One of the widely used Android emulators for Windows, BlueStacks, was discovered with a major security flaw that could put millions of gamers at risk. If the user has installed a BlueStacks version prior to 10.40.1000.502, attackers can gain unauthorized access to the system.
The security issue arises from how BlueStacks stores its configuration files in the ProgramData directory. These files have permissions that allow anyone on the system to access and edit them. This means that even users without privileges can modify these files, posing a severe security risk.
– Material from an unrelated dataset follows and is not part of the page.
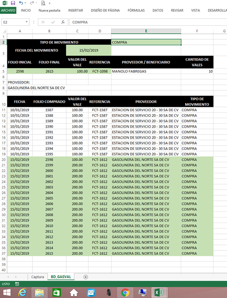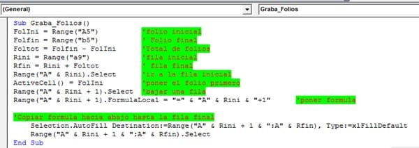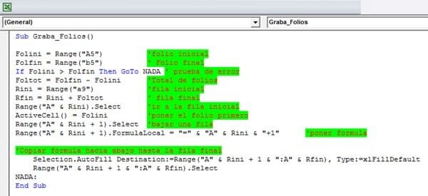 El folio inicial esta en A5 y el folio final esta en B5 la macro deberá insertar a partir de la ultima fila en blanco (B20) la información en la tabla de abajo insertando las filas indicadas en en el folio inicial y final y poner en consecutivo de menor a mayor el numero de vales que se indica, sera posible que me ayuden con esto, se los agradeceré infinitamente... Gracias de antemano.

The attacker would first set up a regular user account to exploit this vulnerability and then target the administrator account. The attacker will need the target to install a vulnerable version of BlueStacks. Once installed, an attacker could modify a BlueStacks configuration file, such as Nougat32.bstk, to gain access to the C drive of the Windows system. Additionally, the attacker can install a malicious app on the Android system, which will run every time BlueStacks is started. When the target uses BlueStacks, the malicious app installs its code in its startup directory. This malicious code executes on the next reboot of the computer, allowing the attacker to control the system with elevated privileges of the target.
If exploited, this vulnerability might allow an attacker to install malicious software, steal personal information, and gain control of a victim’s computer. To defend against this issue, users should update BlueStacks to the most recent version as soon as feasible. Once downloaded and installed, the latest version released by developers will reduce this risk to the user’s system.